# PROBLEM DETAILS:
Please write out exactly the lines of the data below from the line holding "Next add an" through the line holding "Colorful houses of", and leave out the rest.

# DATA EXTRACTS:

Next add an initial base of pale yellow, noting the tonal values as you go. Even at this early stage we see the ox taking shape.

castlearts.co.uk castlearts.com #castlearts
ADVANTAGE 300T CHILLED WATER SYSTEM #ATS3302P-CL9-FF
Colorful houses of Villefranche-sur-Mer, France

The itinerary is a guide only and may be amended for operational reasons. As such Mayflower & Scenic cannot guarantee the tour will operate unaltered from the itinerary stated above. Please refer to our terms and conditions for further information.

* * *

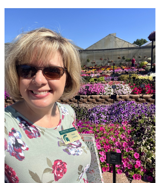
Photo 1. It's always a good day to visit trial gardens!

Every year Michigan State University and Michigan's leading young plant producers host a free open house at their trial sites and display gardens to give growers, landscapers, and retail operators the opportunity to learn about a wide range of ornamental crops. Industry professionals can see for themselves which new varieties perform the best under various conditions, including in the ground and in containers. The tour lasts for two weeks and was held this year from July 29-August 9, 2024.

# SOLUTION:
Next add an initial base of pale yellow, noting the tonal values as you go. Even at this early stage we see the ox taking shape.

castlearts.co.uk castlearts.com #castlearts
ADVANTAGE 300T CHILLED WATER SYSTEM #ATS3302P-CL9-FF
Colorful houses of Villefranche-sur-Mer, France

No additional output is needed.